We Tested 54 MCP Servers. Here's What Breaks.

We scanned 54 MCP servers from Anthropic, Google, Microsoft, Mozilla, Sentry, Grafana, and AWS with mcp-assert. 20 bugs across 9 servers. The most common pattern: servers crash instead of returning errors agents can recover from.

I started scanning MCP servers because I wanted to know if they actually work. Not “does the demo run in MCP Inspector” but “what happens when an agent sends bad input at 2am in CI.”

The answer, for a surprising number of servers: they crash.

The Tool

mcp-assert is the testing tool I built for this. It connects to any MCP server over stdio, SSE, or HTTP, calls tools with known inputs, and asserts the results. Define assertions in YAML, run them in CI. One Go binary, works with servers in any language.

The zero-config version:

1
mcp-assert audit --server "npx my-mcp-server"

This connects, discovers every tool via tools/list, generates inputs from JSON Schema, calls each one, and reports which tools are healthy vs. which crash. No YAML, no setup.

For CI regression testing, you write YAML assertions:

 1
 2
 3
 4
 5
 6
 7
 8
 9
10
11
name: read_query returns rows from users table
server:
  command: uvx
  args: [mcp-server-sqlite, --db-path, "{{fixture}}/test.db"]
assert:
  tool: read_query
  args:
    query: "SELECT * FROM users"
  expect:
    not_error: true
    contains: ["alice", "bob"]

536 assertions across 54 servers, 7 languages, 3 transports.
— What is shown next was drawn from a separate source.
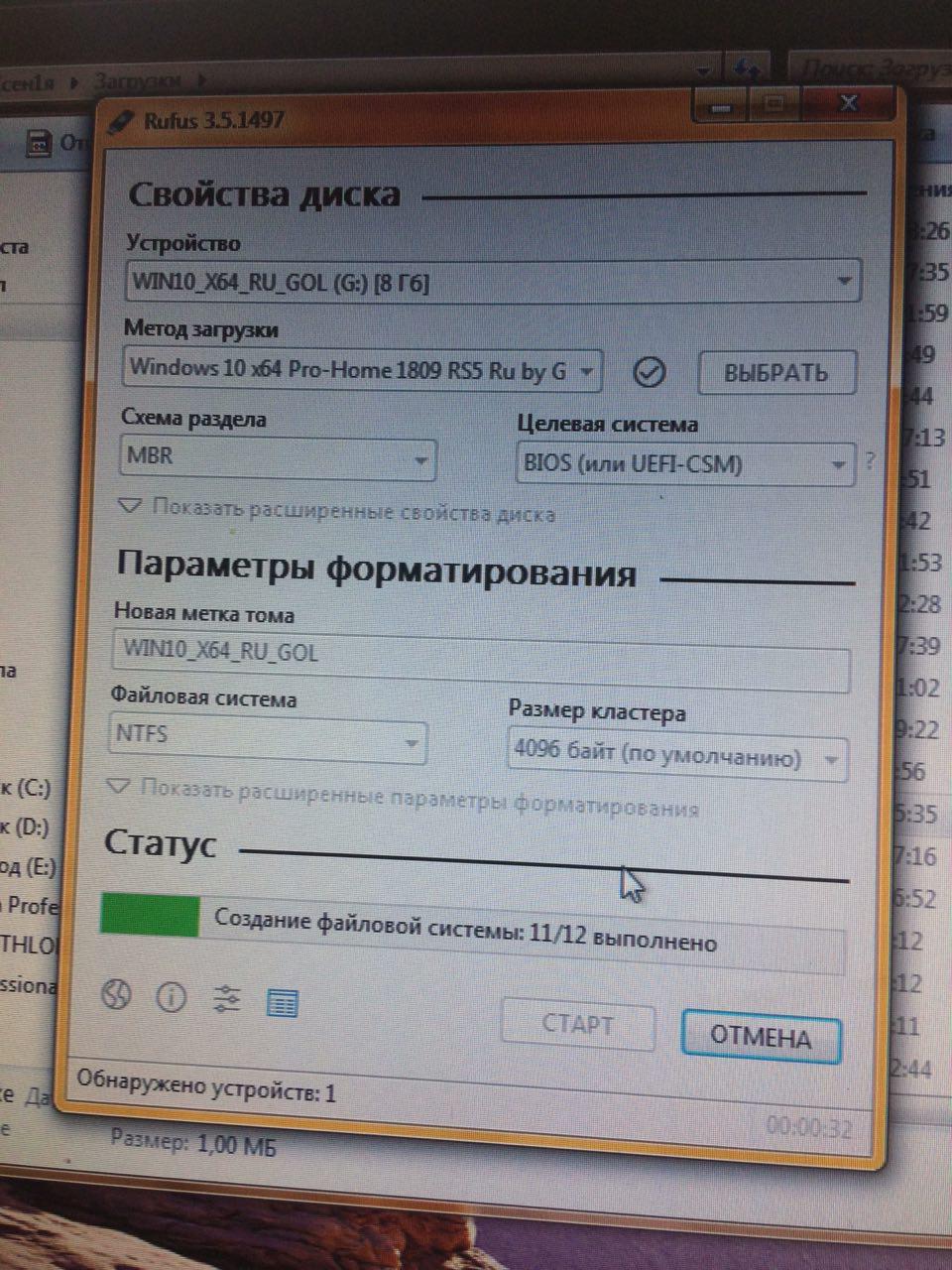 Создание загрузочного USB-накопителя для удаления Линукс с ноутбука

Here’s what I found.

The Numbers

MetricCount
Servers scanned54
Languages7 (Go, TypeScript, Python, Rust, Kotlin, Swift, C#)
Transports3 (stdio, SSE, HTTP)
Total assertions546
Bugs found20 across 9 servers
Fix PRs submitted6
Fix PRs merged1 (Grafana)
Clean scans45 servers

The full scorecard is at blackwell-systems.github.io/mcp-assert/scorecard .

What Breaks

The most common failure mode is unhandled exceptions propagating as JSON-RPC -32603 internal errors instead of returning isError: true.

MCP has a deliberate distinction here. When a tool gets bad input, the server should return:

1
2
3
4
{
  "content": [{"type": "text", "text": "Invalid URL format"}],
  "isError": true
}

The agent sees isError: true, reads the message, and adjusts its approach. Maybe it fixes the URL and retries. Maybe it asks the user.
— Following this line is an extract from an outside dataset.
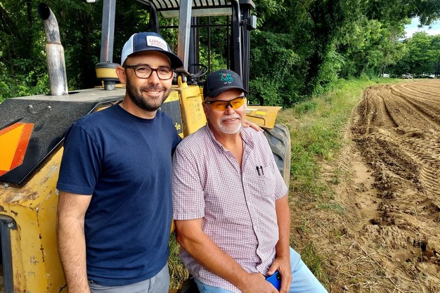Lucas Conran (left), Lipman farm manager, and Greg Church (right), previous owner of Jones & Church. Photos: Jones & Church Farms

What a lot of servers actually return:

1
{"jsonrpc": "2.0", "error": {"code": -32603, "message": "Internal error"}}

This is a JSON-RPC protocol error. The agent treats it as “the server crashed.” There’s no recovery path. The tool call is a black hole.
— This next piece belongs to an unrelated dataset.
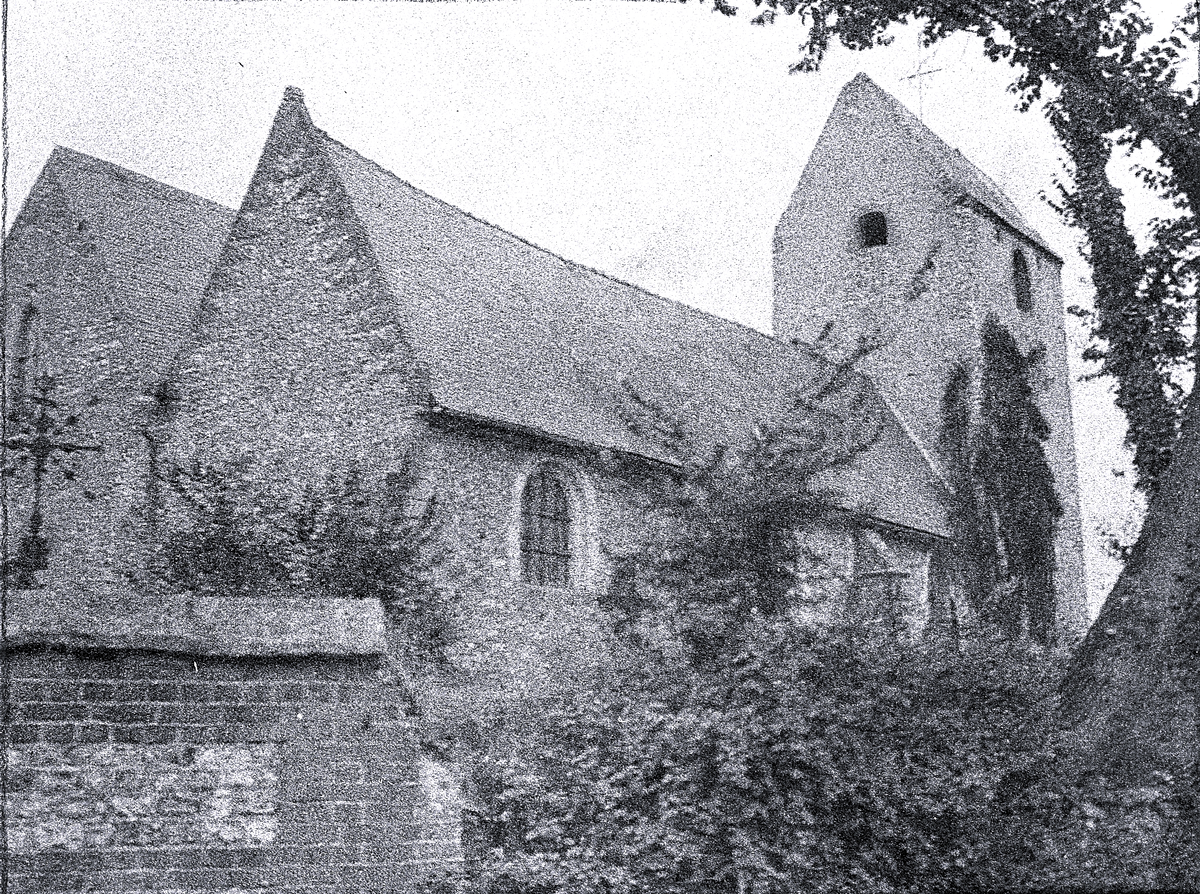 Foto av en kyrkobyggnad i Normandie, 1921.

The distinction matters because -32603 is supposed to mean “something went wrong inside the server that isn’t the client’s fault.” When servers use it for input validation failures, agents can’t tell the difference between “I sent a bad URL” and “the server’s database is down.”

The Bugs

Grafana (mcp-grafana): merged fix

get_assertions crashes with an internal error when given an invalid timestamp string. Every other tool in the Grafana server validates input correctly and returns isError: true. This one tool skipped validation because time.Time unmarshal happens before the tool handler’s input validation logic runs.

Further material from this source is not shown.